While the story is remarkable for its outcome, it is even more remarkable for the witness it bears to “one risky moment in humanity’s thinking about divinity” (James L. Kugel, The Great Poems of the Bible, p. 70). That Baal loses this contest has inevitable consequences: it marks the death of Baal in the ancient world. At the same time, the ascendance of Yahweh sets the stage for a new conception of God: a God who is no longer tied down to natural phenomena, no matter how great or terrifying they are.

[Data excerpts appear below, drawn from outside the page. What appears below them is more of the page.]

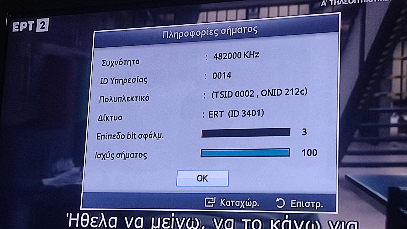 Petros Electron Δημοσ. 6 Απριλίου 2024 Δημοσ. 6 Απριλίου 2024 (επεξεργασμένο) 13 ώρες πριν, 00 George 00 είπε Δεν ξέρω το κουτί πως λέγετε μάλλον ενισχυτής σήματος γιατί η κεραία έχει απόσταση 15 - 20 μέτρα , χρησιμοποιώ μία τηλεόραση ... Η κεραία αλλάχτηκε πριν 5 χρόνια και δούλευε μέχρι τώρα σωστά . 1 ) Στο ψηφιακό κανάλι είναι η πρώτη εικόνα , η δεύτερη είναι στο αναλογικό και μόλις βάλω HDMI όλα μαύρα . 2 ) Δεν ξέρω πώς να το συνδέσω απευθείας στην τηλεόραση το καλώδιο , όλα παίρνουν από ένα πολύμπριζο ρεύμα αφαίρεσα το laptop και το σύνδεσα σε άλλη πρίζα του σπιτιού τα αποτελέσματα είναι αυτά στης φωτογραφίες . Η κεραία την είδα το πρωί δεν φαίνεται να έχει φθορές / σπασίματα κλπ .. είναι σε ένα ιστό 8 μέτρα περίπου σε ύψος με σκαλωσιά την έβαλε ο ηλεκτρολόγος . Οταν οι ἠλεκτρολόγοι κανουν εγ/σεις κεραιῶν και οχι οι ηλεκτρονικοι, ως πρέπει τοτε δεν εχω κατι αλλο να πω. Αυτο ειναι αλλο θεμα.. Στο δικο σου το θεμα, βλέπω πιθανη ενδοδιαμορφωση ή ακομα και παρεμβολη αν κρίνω απο τα επίπεδα των σφαλμάτων. Επισης απο οτι κατάλαβα δεν ἔχεις γνώσεις με το ἀντικείμενο, δεν στο λεω ὑποτιμητικά, ἄλλωστε εδω ειναι forum και προσπαθοῦμε να βοηθήσουμε. 1) Εγω πιστευω οτι εχεις πιθανη ενδοδιαμορφωση απο τον εν/τη και απο οτι βλεπω αυτο το παλαιο μοντελο της televes δεν εχει ποντεσιομετρο για να ρυθμίσεις την ενίσχυση, *μήπως εχει απο κατω?. Αν ναι, δοκίμασε με ενα κατσαβιδακι να την μειώσεις γυρίζοντας αριστεροστροφα. 2) Ακατάλληλη κεραια. Με την έλευση του 5G η UHF μπάντα πλεον ειναι 21-60 (στην πραξη 21-48) και οχι 21-69 οπως ηταν παλαιά. Η κεραια λοιπόν πρεπει να ειναι "LTE" αν δεν ειναι, πιθανόν να εχεις προβλήματα απο τις αρμόνικες που λαμβάνει απο το φασμα της κινητής τηλεφωνίας. Τις ιδιες προδιαγραφές πρεπει να εχει και ο ενισχυτής. Οπως και να εχεις, και για να μην παιδεύεσαι, φώναξε εναν ηλεκτρονικό εγ/τη κεραιών και με το πεδιομετρο του θα κάνει την ανάλυση του σήματος και θα σου βρει την λυση. 13 ώρες πριν, 00 George 00 είπε Στο ψηφιακό κανάλι είναι η πρώτη εικόνα , η δεύτερη είναι στο αναλογικό Δεν υπαρχουν πλεον αναλογικα καναλια, ολα ειναι ψηφιακά (DVB-T) Επεξ/σία 6 Απριλίου 2024 από Petros Electron
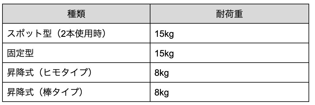 ホスクリーンの耐荷重は、種類によって異なります。スポット型は、2本使用して物干し竿を渡して使うのが一般的なため、ここでは2本使用時の耐荷重を提示しています。
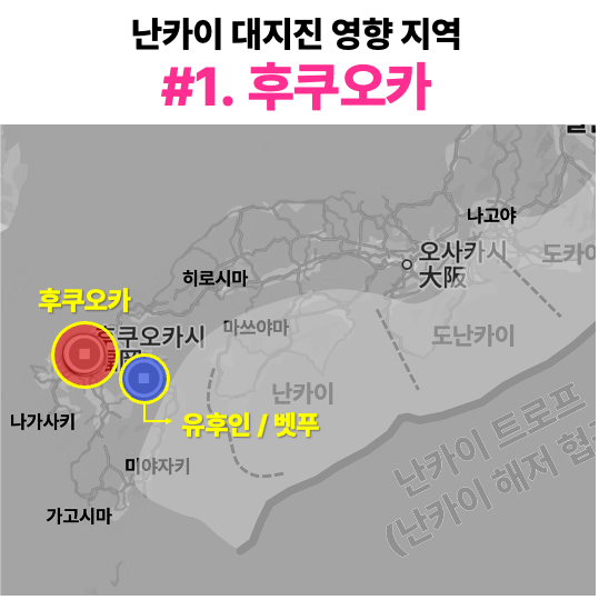 난카이 해역을 시작으로 지진이 연쇄적인 반응을 일으키면 사실 후쿠오카 오사카 도쿄 오카나와 삿포로 등 어디든 영향을 받지 않는 지역은 없겠지만, 한국 여행객들이 가장 많이 방문하는 일본 주요 도시 위주로 어떤 지역들이 더 영향을 받을지, 덜 영향을 받을지 알아볼게요.
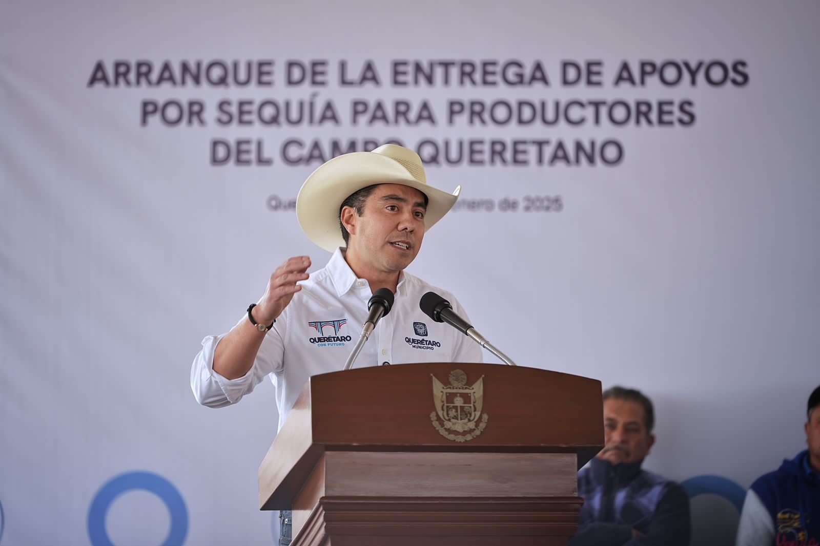- El presidente municipal de Querétaro, Felifer Macías, acompañó al gobernador del estado, Mauricio Kuri González, a la entrega de apoyos por sequía para productores del campo queretano, que se realizó en la explanada del Lienzo Charro en la Delegación Santa Rosa Jáuregui.
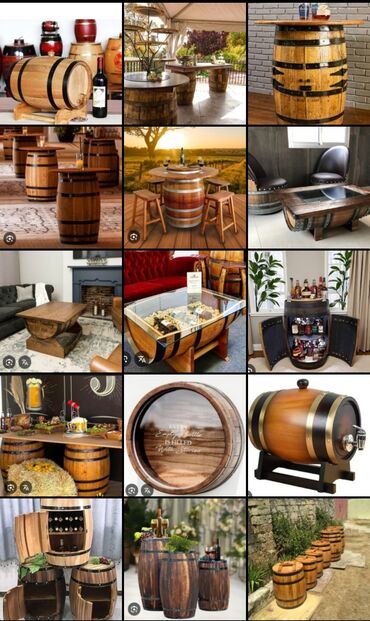 - Dekorativ masalar və stollar: bütöv və ya yarım çəllək bazasında, üstü taxta və ya şüşə variantlarla.
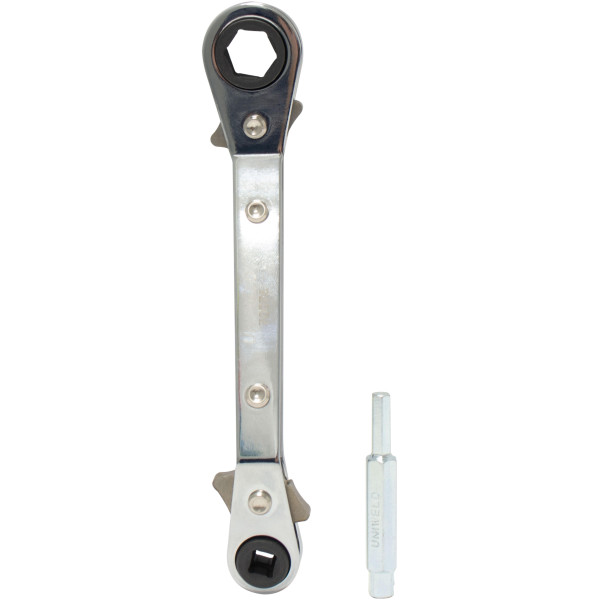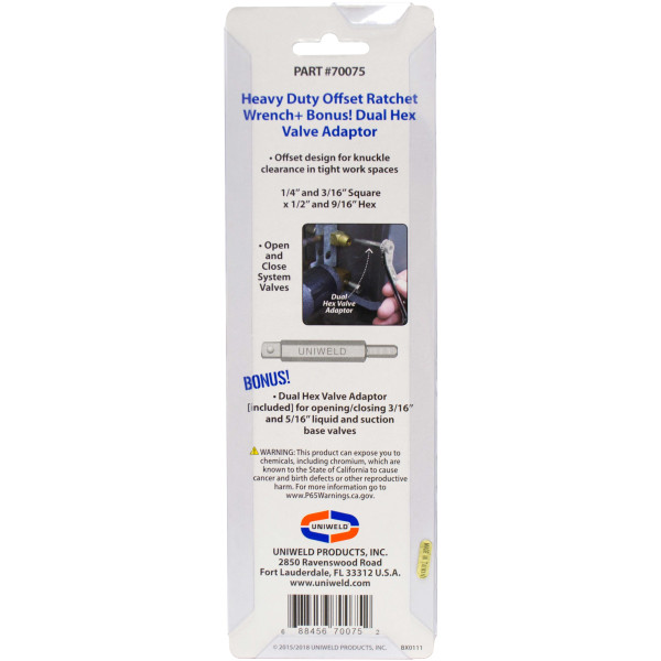 Uniweld 70075 Llave Ratchet, 1/2 y 9/16 pulg apertura exagonal, 3/16 y 1/4 pulg apertura cuadrada, con Adaptador Dual para Valvula exagonal de 3/16 y 5/16
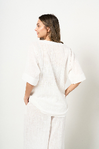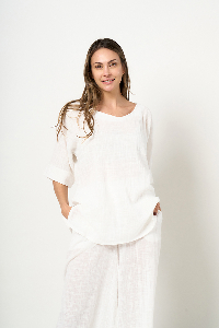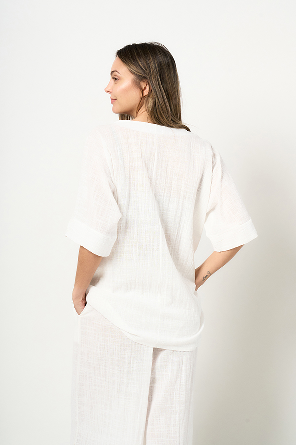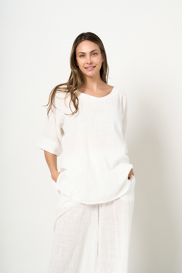 TUNICA BERNARDA. ESCOTE BASE Y MANGA DOLMAN CON PUÃO, TERMINACION TAJITOS A LOS COSTADOS. TEJIDO MARRAKECH COTTON SLUB LISO.
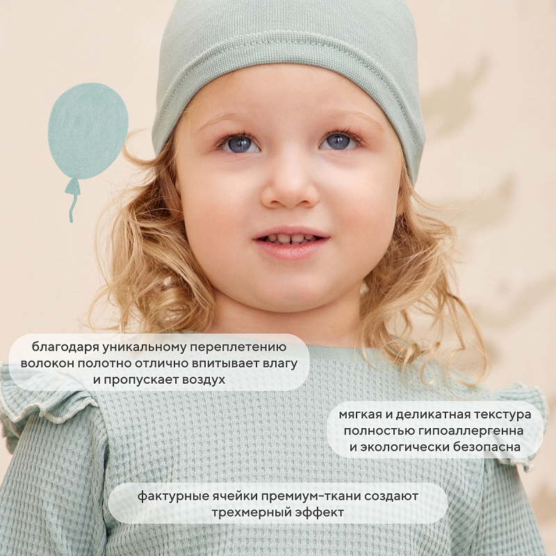Комплект Rant Waffy для девочки лонгслив,штанишки,шапочка 2-92 Mint 80
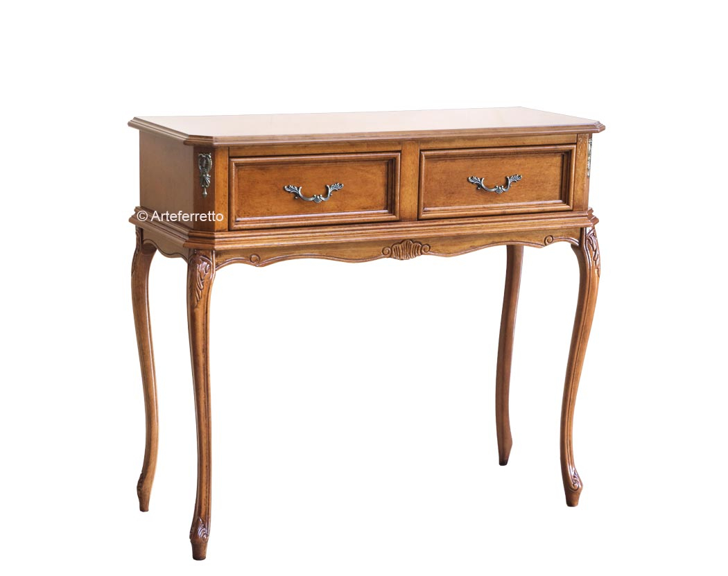 Schwarzer Konsolentisch 2 Schubladen, sehr schön mit einer profilierten Linie.Die Struktur ist schlicht und elegant, perfekt für jede Wohneinrichtung, z.B. mit einem Spiegel, einem Bild, usw.Das Möbel hat 2 Schubladen. Der Farbton ist auf dem Bild Schwarz antik: die Basis ist aus Kirschholz, dann wird die Schwarzlackierung gemacht und danach ist die Schleifung des Farbtons der Möbelkanten. Das Möbel ist also Schwarz und auch Kirschholz in den Kanten und im Inneren.Schwarzer Konsolentisch 2 Schubladen ideal für Wohnzimmer, Flur, Wartehalle, usw.Bei der Lieferung ist es schon montiert.Maße:Breite 96 cm;Höhe 80,5 cm;Tiefe 41 cm.
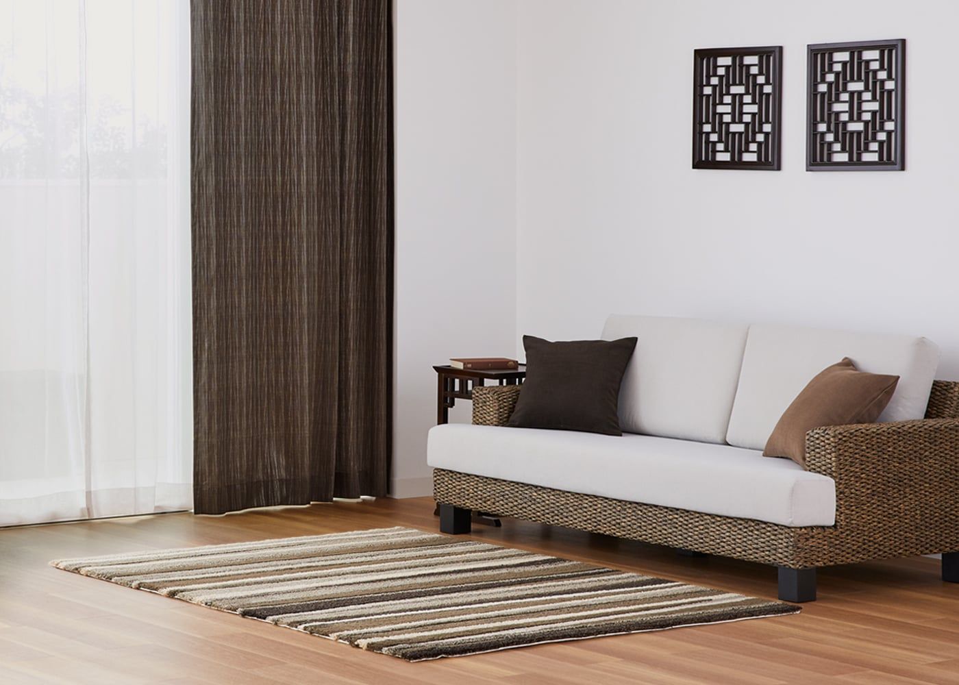 ノンタックはヒダを作らず、生地の表情や柄を活かせるシンプルなカーテン。どんな空間にもなじみやすく、使用生地が少ないため手頃な価格で注文可能です。(写真はダークブラウン ノンタック)
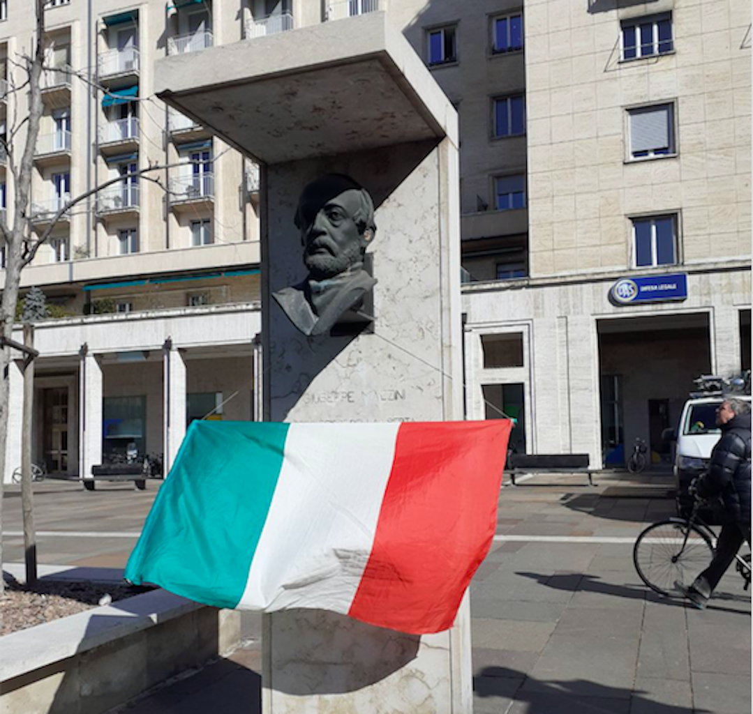Nel 159º anniversario dell’Unità d’Italia la sezione bolzanina di CasaPound ha avvolto nel tricolore nazionale il busto di Giuseppe Mazzini nell’omonima piazza “nel rispetto di tutte le norme previste nel decreto sicurezza per l’emergenza Coronavirus”, tengono a precisare.
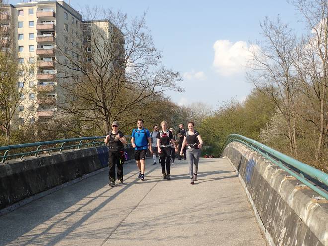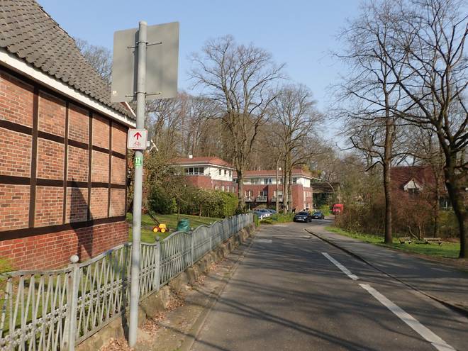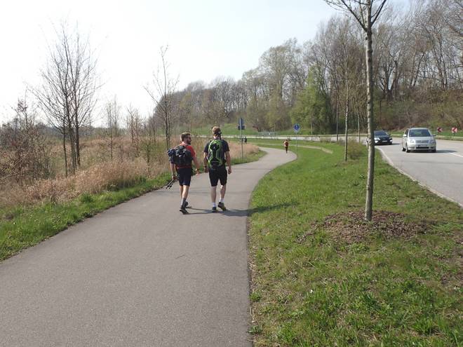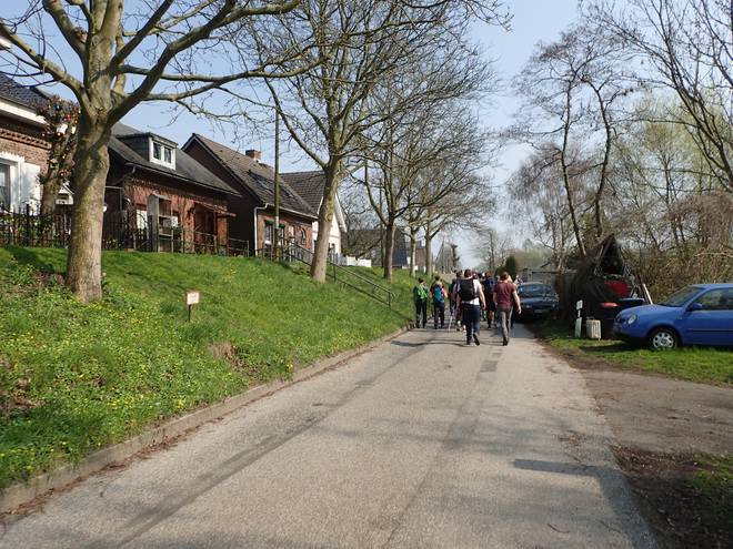 Finksweg 14.30 Uhr / Km 1,0 Nach einem Kilometer war ich an der Nachhut der 10 Minuten zuvor gestartete Gruppe dran. Immer noch wandernd. |
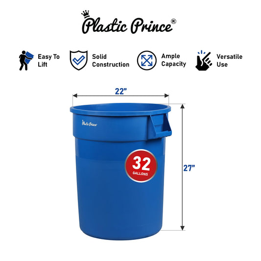 32-Gallon Blue Round Trash Can
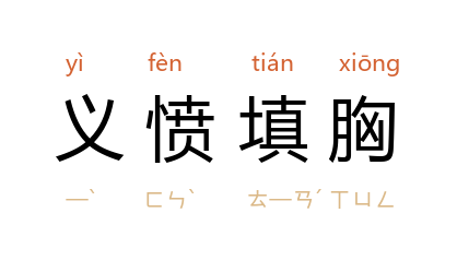 ⒈ 胸中充满因正义而产生的愤怒。也作「义愤填膺」。
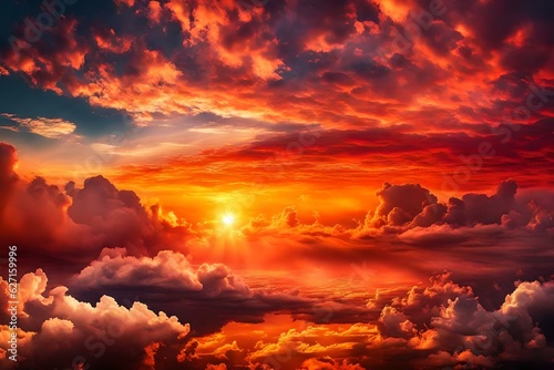 Utterly Spectacular Sunset with colorful clouds lit by the sun. Bright epic sky, Generative AI
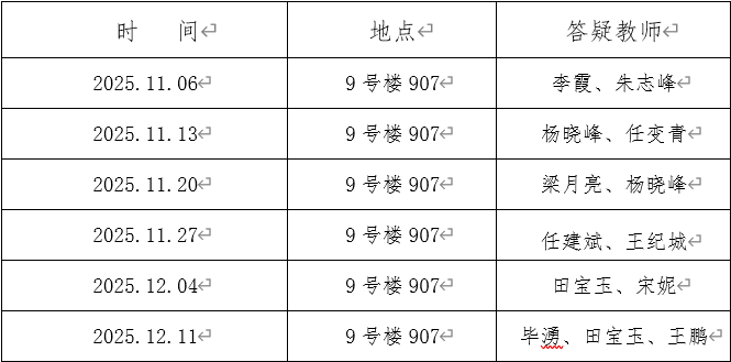 为助力大四同学备战考研,本学期数学学院大学数学教学中心统一安排数学课程(高等数学、线性代数、概率论与数理统计)答疑。答疑时间是从第10周开始,每周四下午16:00-18:00,答疑地点和教师具体安排如下:
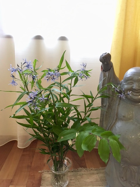 ブッタさんとご一緒「ツラヌキニンドウ」(狛江のトリャンバカム。会館を覆っている植物ですね)
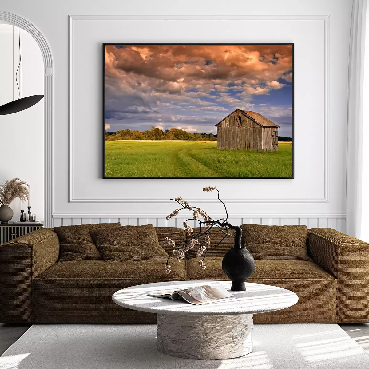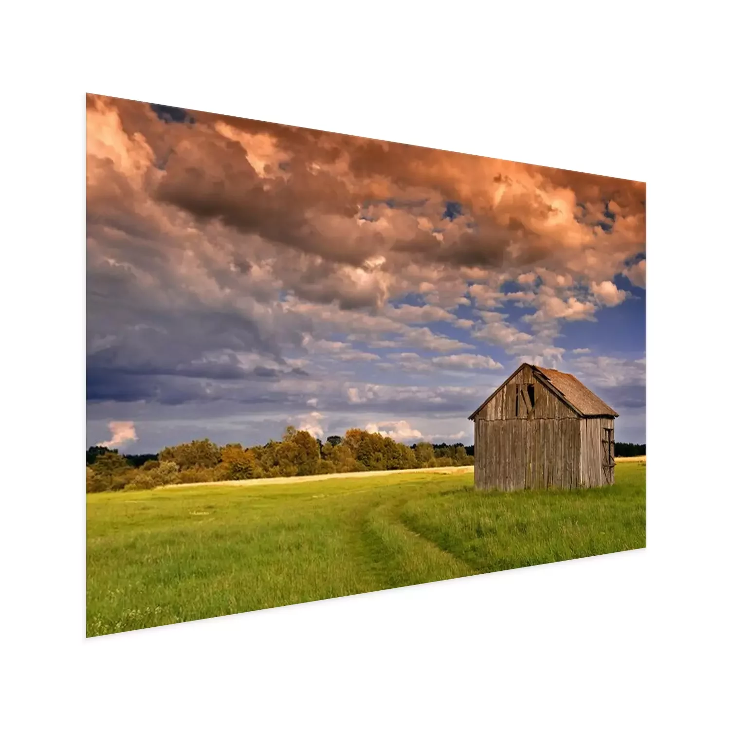 Poster Landschap met een houten schuur

This is precisely what we find in the lectionary passage we read today. The story in chapter 19 goes so far as to reveal a God who does not dwell in natural phenomena. You can imagine the surprise Elijah experiences when, after such a dramatic showcase of his power to control lightning, God now makes a point of revealing himself to Elijah not in the strong wind, not in the earthquake, and not in the fire that Elijah witnesses. These are the three natural phenomena with which divine revelation was typically associated in the ancient Near East. In this revelation, however, it is as if God intends to make a point—the point that God refuses to be identified with or defined as these things. As powerfully consequential as wind, earthquake, and fire are in the universe, God is even more so.

If it is a mistake to identify God with these things, it is also a mistake to think that God can be known in these things. There are times when modern-day persons exercising prophetic muscles claim that certain natural disasters are the work of God and that those who suffer from the natural disasters must have sinned and therefore are being punished by God through them. This kind of prophecy ignores and violates the remarkable lesson learned by Elijah: that God was not in the strong wind, not in the earthquake, and not in the fire, but that God was in “a sound of sheer silence.” Resisting even the conclusion of his last remaining prophet, Elijah, who understandably came to identify Yahweh with the most powerful forces of nature, God now insists upon his supernatural status. In the most nondefinable and intangible of ways, in the sound of silence, God reveals himself.

That God reveals himself in the sound of silence may seem to lead us down a path of mysticism. That is, in fact, what we find to be the case in what theologians call apophatic, or negative, theology. Negative theology is the attempt to describe God by way of negation, that is, by way of what cannot be said about God, and it usually is associated with a kind of mysticism.

This does not have to be the case, however. Prophets, like Elijah, have always been called to public life. They have been called to pay attention to moral, social, economic, political, and religious realities of their day. And from them, the church has learned that prophetic strength depends not upon being able to read into world events and natural phenomena how God is acting in the world, but rather upon questioning the certainty with which such claims are made. Every time we think we have pinned God down, God eludes us to show us what more he is and what more is possible. For this truth, let all the world cry out “Glory!”